**Source material**
# # # #

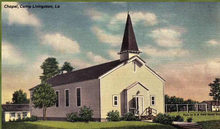
Chapel at Camp Livingston circa 1941 purchased August 1948. Postcard courtesy of Keith LaCour Collection
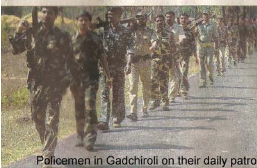
Policemen in Gadchiroli on their daily patrol

Of significance is the number of killings that has happened ever since the commencement of the Operation Green Hunt, say from the third week of September under the gaze of the 'Reality Show' driven sensation hungry media wherein more than 4000 CRPF and 600 anti-Naxal CoBRA commandos entered Dantewada's Chintagufa area. People resisted this intrusion by the government's armed forces, and in the battles six soldiers, including two commanding officers were killed.
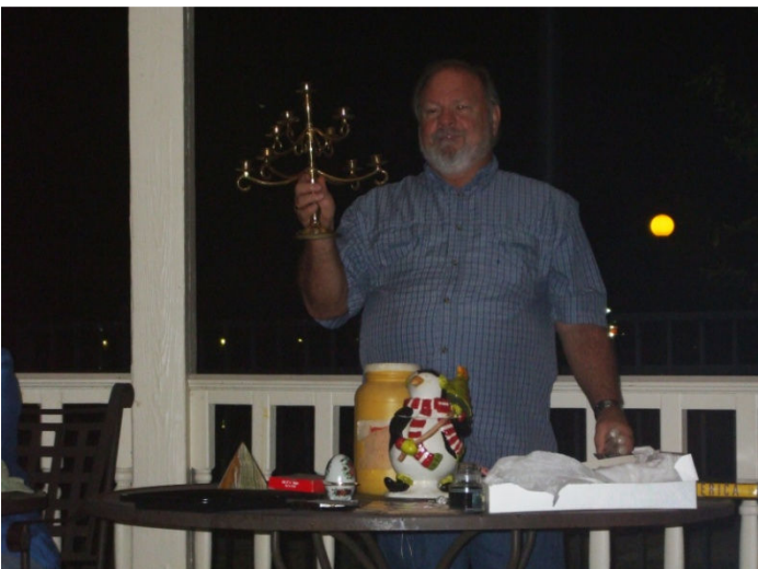
Our wonderfully entertaining auctioneer and auction

# # # #

**About this task**
Starting at the first line of the data, set down each line exactly until you have copied the line with "Policemen in Gadchiroli on their daily patrol", but leave the pictures out.

**Written answer**
Chapel at Camp Livingston circa 1941 purchased August 1948. Postcard courtesy of Keith LaCour Collection
Policemen in Gadchiroli on their daily patrol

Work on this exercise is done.